Please read the artic primer-scheme.md file for the most up to date descriptions of these formats.

The following is tailoured towards using InterARTIC with these primer-schemes. All credit to the artic team for building such a wonderful set of tools and protocols.

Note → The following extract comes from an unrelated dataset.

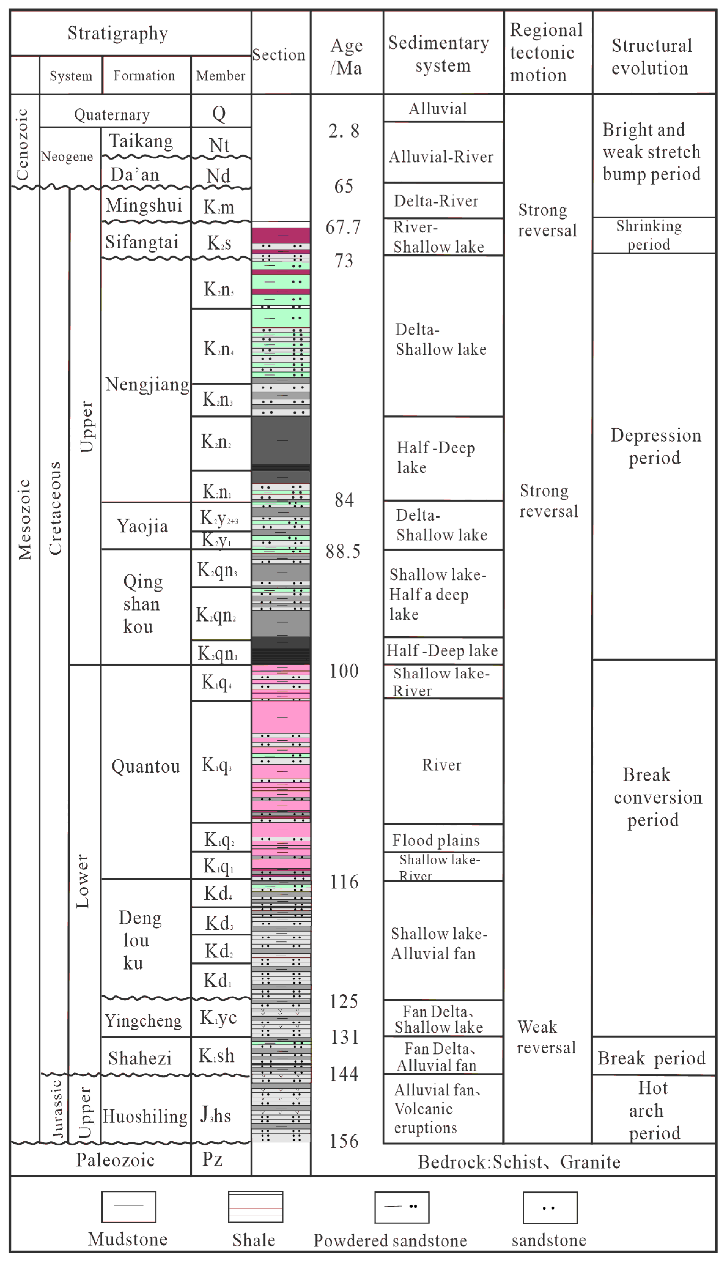 - Zhang, H.; Wang, X.; Jia, C.; Li, J.; Meng, Q.; Jiang, L.; Bai, Y.; Zheng, X. Whole petroleum system and hydrocarbon accumulation model in shallow and medium strata in northern Songliao Basin, NE China. Pet. Explor. Dev. 2023, 50, 784–797. (In Chinese) [Google Scholar] [CrossRef]

In the examples, we use nCoV-2019 as the virus name, and it's best to be consistent with naming conventions across both folder and files. We did not write the artic pipeline, and some assumptions on naming are made in the tools. If you are using a different virus, name the files in the same manner, so my-virus.bed, my-virus.scheme.bed for example.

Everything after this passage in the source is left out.